Thoughts on a stormy post-bike night

I dislike running, it hurts my knees these days. Swimming isn't really my thing and there aren't many pools accessible to me. Using the cardio machines at the gym gets really really boring even with an iPad and a subscription to Amazon Video. Bicycling, I actually kind of like. Yeah its painful and difficult and requires just as much motivation to get out the door as anything else but it is low impact and not that bad once you get into a rhythm.

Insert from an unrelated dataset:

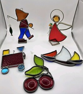 VTG Stained Glass Suncatcher Lot Glasglo Angel, Boy, Cherry, Sailboats & Train
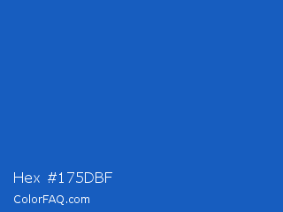 Hex #175dbf Color is a normal blue color and the nearest color is Denim #1560bd. Hex code #175dbf and RGB value is rgb(23,93,191). In RGB color space, this color is composed of 9% red, 36% green, 75% blue, In CMYK color space, this color is composed of 88% cyan, 51% magenta, 0% yellow , 25% black , In HSL color space, this color has a hue angle of 215° , 79% saturation and 42% lightness.

In a perfect universe we wouldn't have to do any kind of exercise , our bodies would just look and perform perfectly all the time for whatever we wanted. In the real world though we have to counteract the effects of office jobs, work off stress, drop winter weight, and maintain muscle groups for whatever activities we enjoy. I find that bicycling does a pretty good job of keeping my body in shape for riding a sport bike.

Just like with motorcycling I ride a sport oriented bicycle. It works all the muscles in my legs, my lower back, and core from being hunched over the bars. It also keeps me in touch with the very real fact that everyone else on the road is out to kill me.

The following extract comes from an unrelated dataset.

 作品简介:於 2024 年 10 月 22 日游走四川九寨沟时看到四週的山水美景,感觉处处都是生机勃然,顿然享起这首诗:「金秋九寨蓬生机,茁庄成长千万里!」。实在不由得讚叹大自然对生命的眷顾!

This week has been very tough for me. There are a lot of stressors at work and in life. I have great things to look forward to this year but my mind is the disquiet type that will agonize over the bad things constantly until I pull it out of the ditch manually. At work I can't physically check out when I start getting into a chase-my-tail mental downturn.

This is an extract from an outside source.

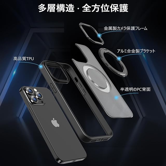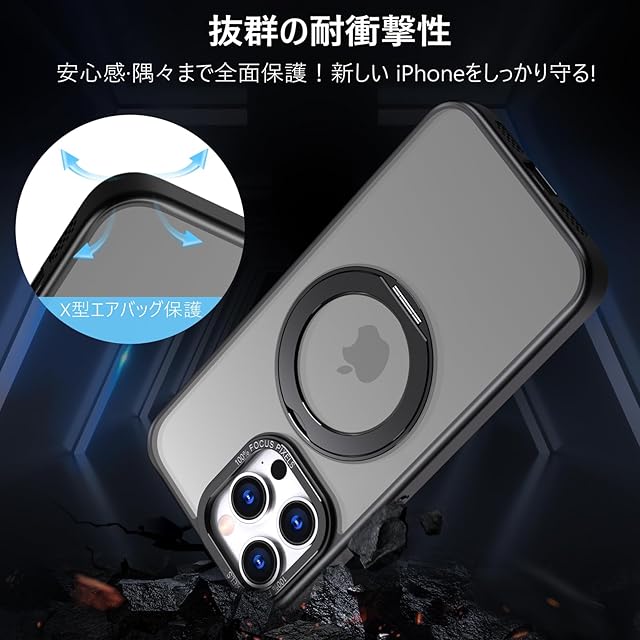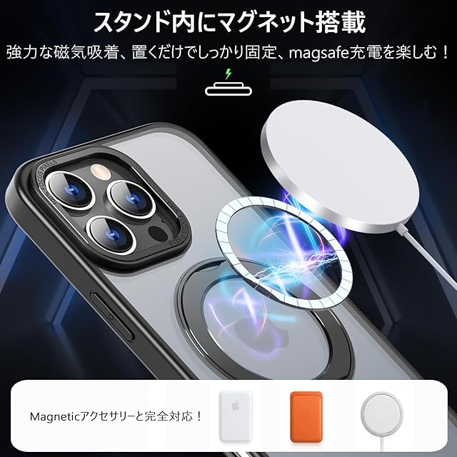 商品名:KWATUNG 互換品 iphone 14 pro max 用 ケース magsafe対応 ワイヤレス充電 iphone14promax 用スマホケース 耐衝撃 いphone14pro max 用ケース 360°回転スタンド 縦横両対応 iphone14プロマックス用スマホケース マグネット搭載 米軍MIL規格 アイフォン14プロマックス用カバー 6.7インチ 半透明 マット感 ブラック

Tonight was Albany bike night. ABN is basically an excuse to get together with friends at a greasy spoon and be inappropriate, talk bikes, and anything else we can't do in our everyday lives. Getting there was hellish on a sport bike. The first five miles getting out of Corvallis was stop and go in the traffic pattern of people leaving Corvallis who work there but can't afford to live there, and the dearth of good routes to get from there to Albany. Then it was faster moving but congested traffic the rest of the way. I know its better than the Bay Area for instance, but it still sucks.
Realization of why I ride number nine hundred and sixty came on the way home when I did something as simple as accelerate hard from a stop and around a corner, riding first all the way to redline before shifting. In that handful of seconds where my 782cc of growling V4 symphony turns from a sedate street machine into a sixteen valve monster my entire neurotic being was quiet and all that remained was the next three seconds. The forgetting of self for a few seconds of hard acceleration, all of the worries about rent increases, angry coworkers, election year media stress, and even worrying about speeding tickets goes away.

Someone needs to bottle that feeling and sell it.